Storm: Extracting hashtags

Goal: Build a topology that extracts and prints the hashtags from Norwegian tweets. We do this by introducing a new bolt (HashtagExtractionBolt). (Replace the todo's with implementations). Print the hashtags to a FileWriterBolt.
Hint: Take a look at FilterQuery, however, note that the language feature may not yet implementet by Twitter4j. You can use the LanguageDetectionBolt to find the correct language, but it can give inaccurate results for a small language as Norwegain. You can use the location filter of FilterQuery get better accuracy. Again take a look at Basic Twitter stream reading using Twitter4j. Twitter4j documentation is poor, so it is recommended to use Twitters own documentation. In our Twitter resource we have listed relevant documentation from Twitter. Be sure to check that out! TODO: Explain location coordinate usage.

STEP FOUR

Storm: Count the popularity of hashtags

Goal: Build a topology that counts occurrences of the hashtags. Hint: We do this by introducing a new bolt; the RollingCountBolt. Print the results to a FileWriterBolt. New concept: Sliding Windows - Time or size based frame for calculation objects

STEP FIVE

Storm: Rank the 10 most popular hashtags continuously

Goal: Show what people are discussing right now. Print a top 10 of the most popular hashtags to a FileWriterBolt. Problem: How do we create such ranking if we do not store every event or hashtag? Hint: We do this by introducing two new bolts; the IntermediateRankingsBolt and the TotalRankingsBolt. We will route tuples from HashtagExtractionBolt --> RollingCountBolt --> IntermediateRankingsBolt --> TotalRankingsBolt --> FileWriterBolt Example of routing:

builder.setBolt("hashtags", new HashtagExtractionBolt(), 4).shuffleGrouping("YOUR SPOUT ID");
builder.setBolt("hashtag-counter", new RollingCountBolt(9, 3), 4).fieldsGrouping("hashtags", new Fields("entity"));
builder.setBolt("hashtag-intermediate-ranking", new IntermediateRankingsBolt(100), 4).fieldsGrouping("hashtag-counter", new Fields("obj"));
builder.setBolt("hashtag-total-ranking", new TotalRankingsBolt(100)).globalGrouping("hashtag-intermediate-ranking");
builder.setBolt("hashtag-ranking-print", new FileWriterBolt("HASHTAG_RANKING.txt")).shuffleGrouping("hashtag-total-ranking");

Information about how these bolts work: http://www.michael-noll.com/blog/2013/01/18/implementing-real-time-trending-topics-in-storm/ New concept: Tick tuples - When we require a bolt to “do something” at a fixed interval GlobalGrouping - We're using a TotalRankingsBolt-worker.

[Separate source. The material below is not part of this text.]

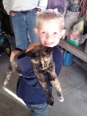 He is holding one of the kitties and is being so careful.. He liked the grey one and wanted to take him home. I said, "Rocco your dog doesn't like cats and that would not be a good idea".. He said "O.K".. then he asked Caroll if he could come over and visit them as they grew up.. He loves cats.. He has a cat that lives at his Dad's house . His cat is a large yellow cat named GoGo. It used to be named Jacob, but he has a good friend named Jacob and changed the cats name..
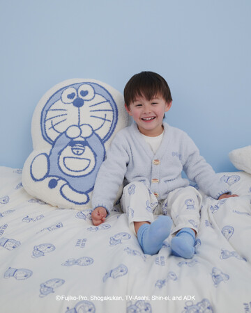 ドラえもんとドラミの様々な表情をジャガードで描いた’ベビモコ’素材のマルチカバー、ピローケース、クッション、寝具3点セット。優しいワントーンの色合いでインテリアに馴染みやすく、ベッドやソファ周りのアクセントに最適です。

Data from IntermediateRankingsBolt to TotalRankingsBolt is routed using globalGrouping

STEP SIX

Storm: Extracting sentiment values

Sentiment values are numerical measures of how positive or negative a given text is. By extracting sentiment values from tweets we can chart how positive people are to certain entities. A common approach for extracting sentiment values is to apply dictionaries where different words are associated with a sentiment value. Such dictionaries are customized for each language. Goal: Extract the sentiment value for each of the tweets in your stream. Print the sentiment value to a FileWriterBolt. To accomplish this task we need a topology with a bolt for language detection and a bolt for extracting the sentiment value.

STEP SEVEN

Storm: Calculate a running average value for sentiment

Goal: Calculate a running average sentiment value for the last 50 tweets. Print the average sentiment value to a FileWriterBolt. To accomplish this will add the bolt to our topology: AverageWindowBolt.

STEP EIGHT

Storm: Its your playground!

Be creative - Form new twitter queries, create new bolts, combine them and extract knowledge! For example:

  • Find out where people are most happy, Oslo, Trondheim, Stavanger or Bergen?
  • How happy are people about the weather, the public transport, etc.?
  • Who is most popular: Jens Stoltenberg or Erna Solberg? What are their associated sentiment values?